When we compare the results between the 1D and the 2D Gaussian cases, we see that the ranked $\widehat{R}$ and rankplots are sensitive to changes in variance terms but not in covariance terms. This makes sense because the way $\widehat{R}$ is defined, it uses marginalized information for a specific parameter. So for evaluating whether marginalized chains have mixed well or not, ranked $\widehat{R}$ and rankplots are quite powerful and prove the point of the paper.
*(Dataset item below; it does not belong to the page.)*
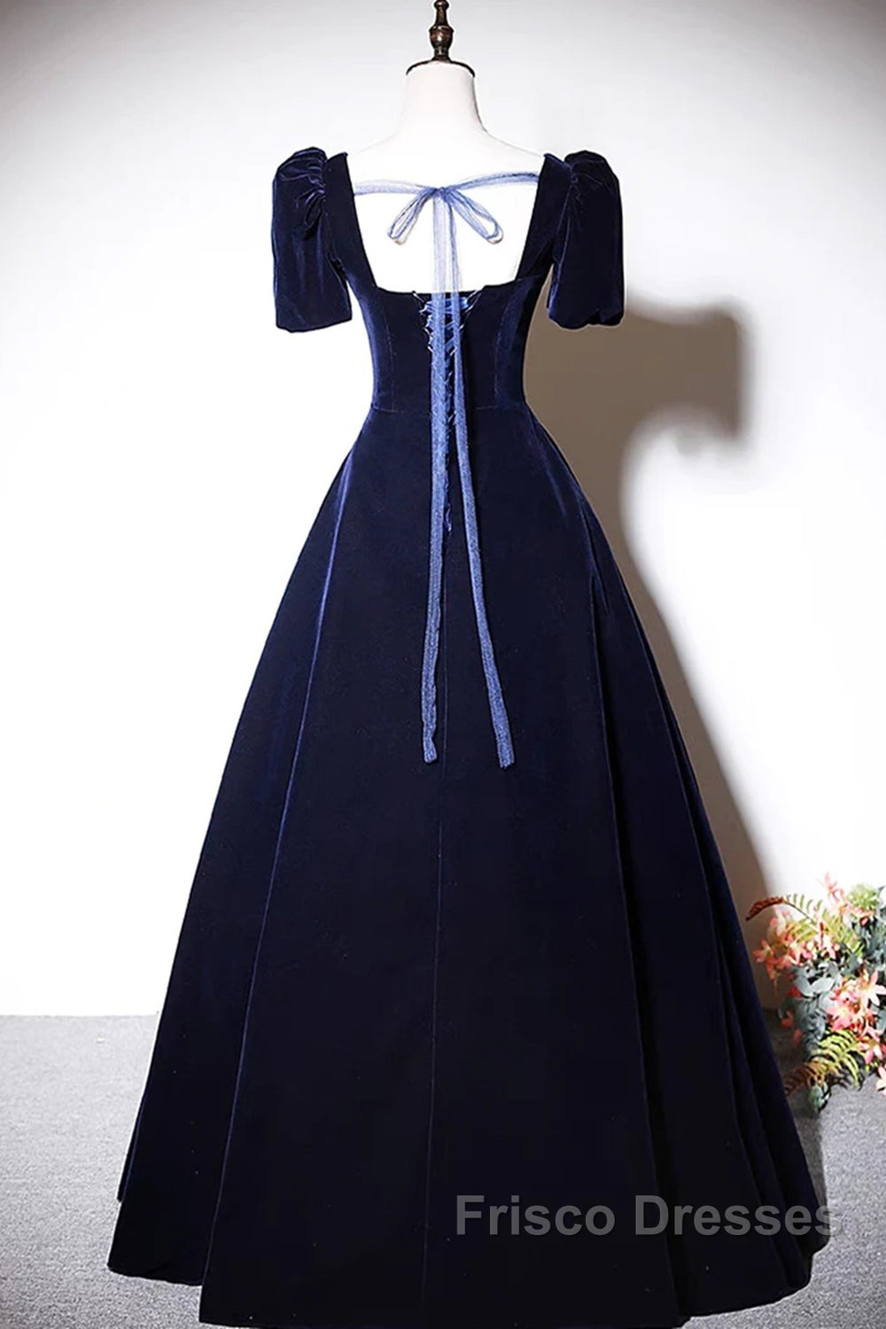 Navy Blue A-Line Velvet Long Evening Dress, Short Sleeves Beaded Formal Prom Dress

However, we found that one should exercise caution when using rank $\widehat{R}$ and rankplots at claiming that they indicate chains are sampling from the same underlying distribution. We clearly showed that even when chains explore different underlying distributions, the diagnostics could give values that are consistent with chains exploring the same distribution. **This implies that ranked $\widehat{R}$ and rankplots can only tell us whether chains have NOT mixed well**; it does not tell us anything about whether chains HAVE mixed well.

## Future Work

For future work, we would like to understand how to modify $\widehat{R}$ in a way such that it captures correlation terms from the covariance matrix. Right now, off-diagonal terms do not contribute at all, as shown in [toymodel_2DGaussian](examples/toymodel_gaussian/toymodel_2DGaussian.ipynb). We would like to explore and understand if there is a better way quantify changes in the correlation terms. One possible avenue is to understand the relationship between $\widehat{R}$ and autocorrelation function and see if there is a way to unify them together.